**WHAT YOU WILL DO**
Starting at the top of the records below, write out each line exactly as it stands, stopping after the line with "ААА Груп, компания"; exclude the pictures.
RECORDS TO PROCESS START
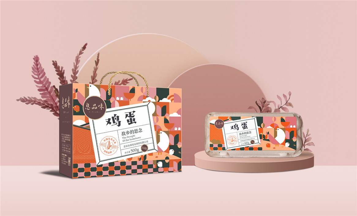 以“故鄉(xiāng)的思念”為品牌溝通語言,從息品味產(chǎn)品生態(tài)特征,地域代表文化、當(dāng)?shù)孛袼酌耧L(fēng)等提取包裝設(shè)計元素,以平面幾何形態(tài)的方式把產(chǎn)品、產(chǎn)地、相關(guān)文化特征進行符號化設(shè)計視覺表達,用一種與當(dāng)下農(nóng)副產(chǎn)品市場不同的包裝表現(xiàn)方式設(shè)計,展現(xiàn)綠色新生活,迎合當(dāng)下消費升級審美升級的新消費趨勢,快速建立品牌認知。
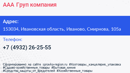 ААА Груп, компания по адресу 153034, Ивановская область, Иваново, Смирнова, 105а в дальнейшем Организация, размещена в следующих категориях:
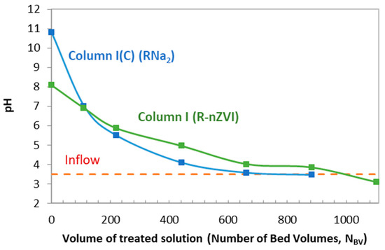As seen in Figure 3, the initial pH of simple RNa2 was 10.8. and that of R-nZVI was 8.09. During the operation, the pH dropped to value 3.5 of the feed solution after the treatment with 660 BVs of solution in the control column I(C), and after 1000 BVs of solution in the R-nZVI column I.
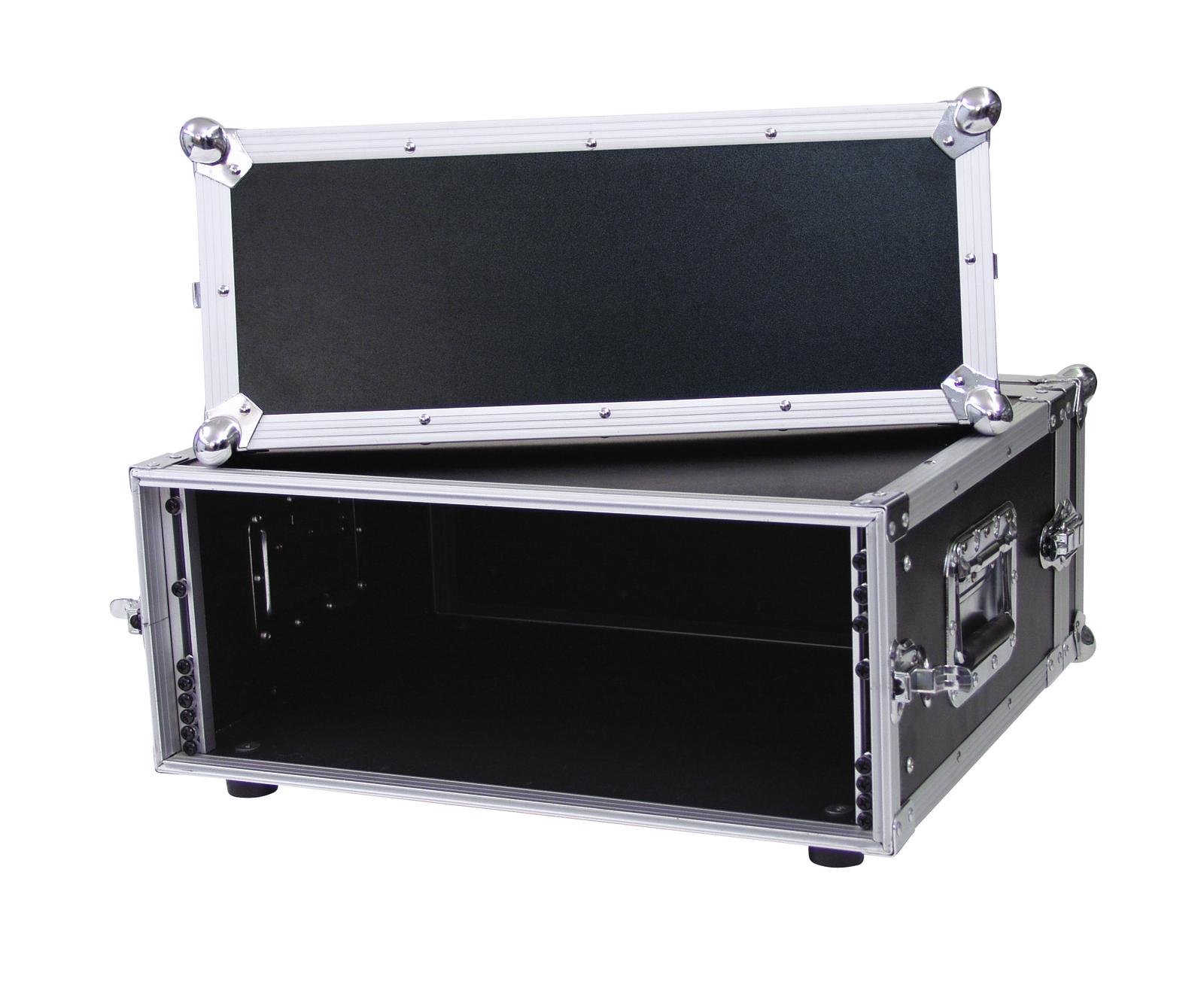 Flightcase for 483 mm units (19")The ROADINGER CO DD Effect Rack with four height units is ideal for safely storing your 483 mm control and effect units. The two lids are removable and it includes built-in rack rails.The high-quality workmanship with multi-layered glued wood is underlined by the aluminum profile frame with rounded corners. The three-legged, medium-sized steel ball corners and the four large, steel-reinforced rubber feet provide the necessary stability. In addition, the flight case is equipped with two chrome-plated case folding handles and four snap locks with eyelets for locking.The delivery includes mounting screws.The maximum load is 20 kg.
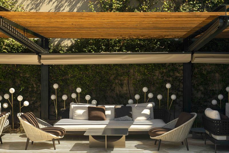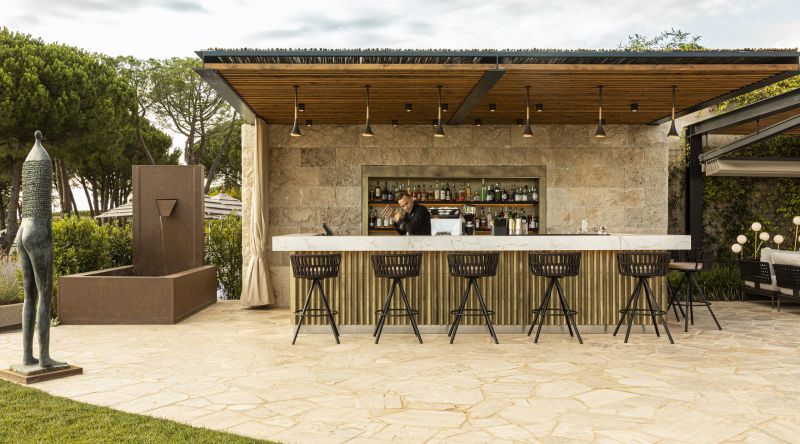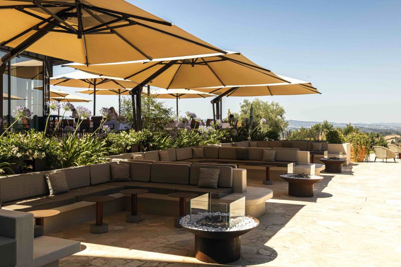 L’obiettivo del progetto era proprio quello di guidare l’occhio dell’ospite verso il panorama anche con la creazione di nuove sedute tutte rivolte in quella direzione. Il percorso procede poi verso un’area verde in cui, sotto ulivi secolari, sono state posizionate delle sedute lounge per creare un’area relax in esterno. Per arrivare a questa zona relax sono state scelte alcune panche in cemento con un fire place che consente di ricreare momenti di intimità. Tutta la pavimentazione degli esterni è stata rinnovata con il travertino, un leitmotiv di tutto il progetto di interiors dell’hotel. Dalla parte opposta del corpo ristorante sono state previste delle zone lounge bar o relax per rilassarsi protette da strutture a L dotate di coperture brise soleil, un sistema di ombreggiatura che non crea un impedimento visuale sul fronte.
RECORDS TO PROCESS END
**EXERCISE RESPONSE**
 以“故鄉(xiāng)的思念”為品牌溝通語言,從息品味產(chǎn)品生態(tài)特征,地域代表文化、當(dāng)?shù)孛袼酌耧L(fēng)等提取包裝設(shè)計元素,以平面幾何形態(tài)的方式把產(chǎn)品、產(chǎn)地、相關(guān)文化特征進行符號化設(shè)計視覺表達,用一種與當(dāng)下農(nóng)副產(chǎn)品市場不同的包裝表現(xiàn)方式設(shè)計,展現(xiàn)綠色新生活,迎合當(dāng)下消費升級審美升級的新消費趨勢,快速建立品牌認知。
 ААА Груп, компания по адресу 153034, Ивановская область, Иваново, Смирнова, 105а в дальнейшем Организация, размещена в следующих категориях:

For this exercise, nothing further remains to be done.